Inductors are also used in collector circuits to help decouple the AC from the power supply. They allow the DC bias but dont allow the AC to get through too much.

 

[EngIntoHW]

Thank you very much guys.

I'm continuing reading the book that discuess power amplifier.
if you're interested, it is called Switchmode RF Power Amplifiers (Andrei Grebennikov & Nathan O. Sokal).

I encountered the circuit below and have a question.

The parallel LC resonator tuned to 3fo, passes only frequency 3fo?

Thank you again mates.

 

[ericgibbs]

hi,
Look at this link.
https://mathworld.wolfram.com/FourierSeriesSquareWave.html

Note the sine wave intervals.

 

[EngIntoHW]

Hi Eric,
Thanks.

I understand that summing all odd harmonics results with a square wave.

I'm trying to figure out how the below circuit sums them up - in this case the 1st, 3rd and 5th harmonics.

 

[JimB]

Parallel tuned circuits present a high impedance at their resonant frequency.

Series tuned circuits present a low impedance at their resonant frequency.

The example circuit which you are showing will have maximum output at Fo.
At 3Fo and 5Fo, the harmonic components of the signal will be attenuated.

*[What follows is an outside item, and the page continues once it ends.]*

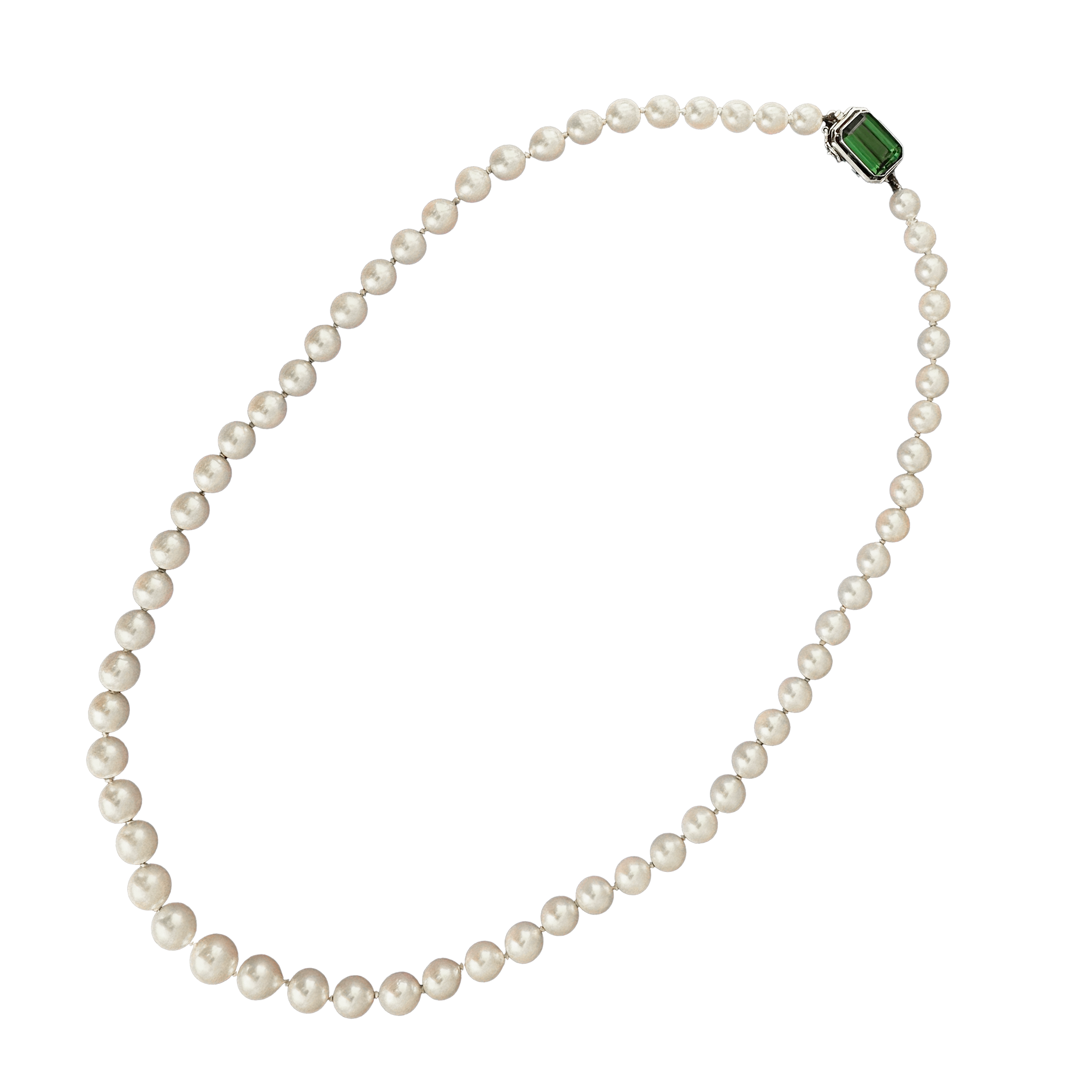 Deliziosa collana girocollo realizzata con 61 perle Akoya disposte a scalare dal centro con un diametro compreso fra i 6,00 e i 9,00 mm. Le perle sono sferiche, di un bel colore bianco con sfumatura crema con piccolissime imperfezioni che ne attestano la natura organica. Nella chiusura in oro bianco 18 karati è inserita una tormalina verde rettangolare che regala un piacevole tocco cromatico. Gioiello di buon gusto, in ottimo stato di conservazione.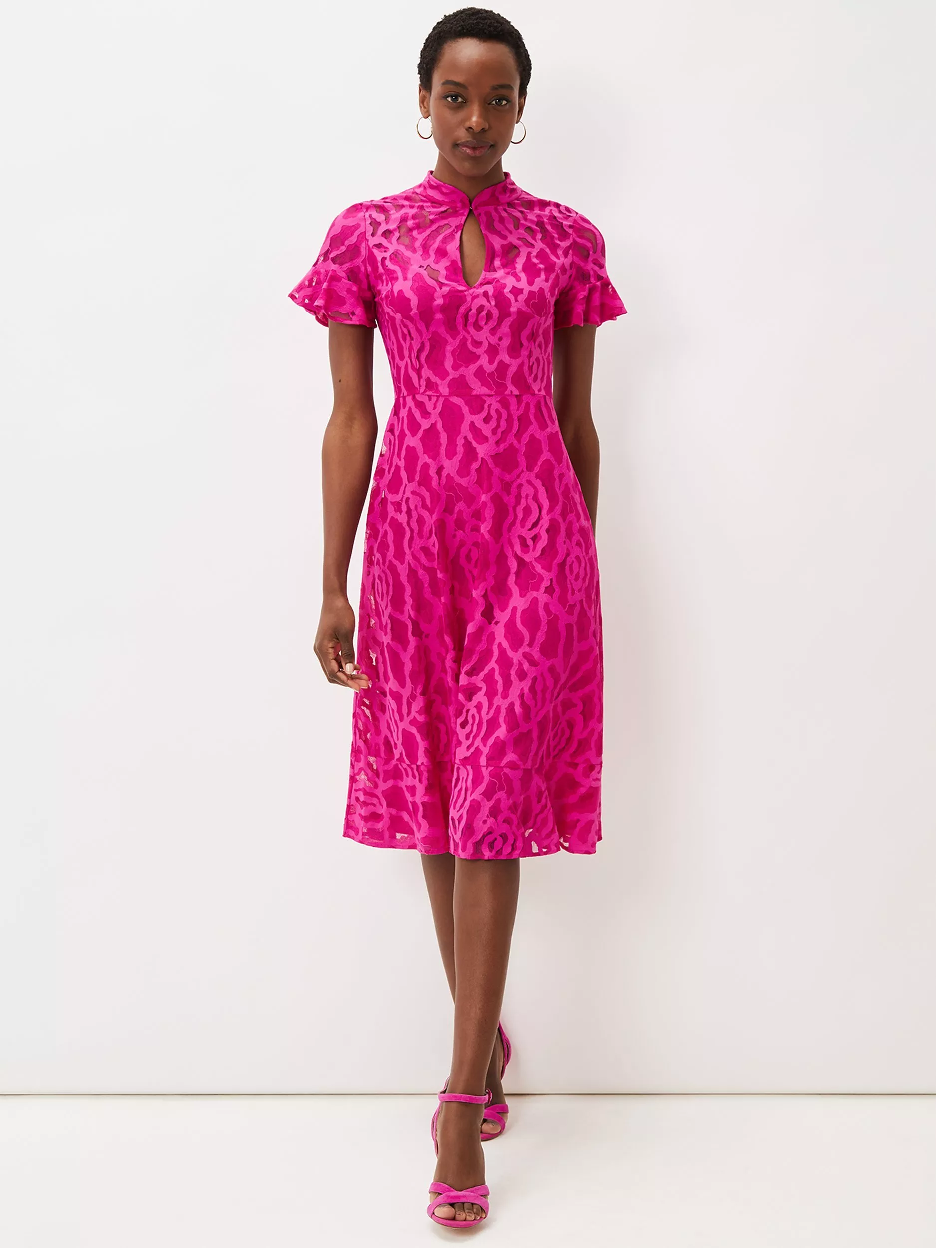Flaring out at the hem for a feminine silhouette, this knee-length dress by Phase Eight has a dainty lace detail all over.

The circuit as drawn is an AC equivalent circuit which is not a practical circuit, it omits DC supply and bias circuits.

JimB

 

[MrAl]

Hi Eric,
Thanks.

I understand that summing all odd harmonics results with a square wave.

I'm trying to figure out how the below circuit sums them up - in this case the 1st, 3rd and 5th harmonics.

Hi,

That circuit is a rough diagram of what it might take to reduce the square wave harmonics to get a more pure sine fundamental output. It roughly gets rid of the 3rd and 5th harmonics, which are the most important harmonics in the square wave to get rid of if you want a more perfect pure sine output at the fundamental frequency. So in the square wave we have a bunch of added harmonics, and in that filter we subtract some amount of both the 3rd and 5th harmonics in an attempt to get rid of them and get a better pure sine wave.
The last filter shown knocks down more harmonics because it's resonant at the fundamental frequency f0 but this filter unlike the other two is in parallel which means it lets the fundamental pass and shunts part of the other frequencies. The two in series block those respective frequencies and let some of the other ones pass, like the fundamental.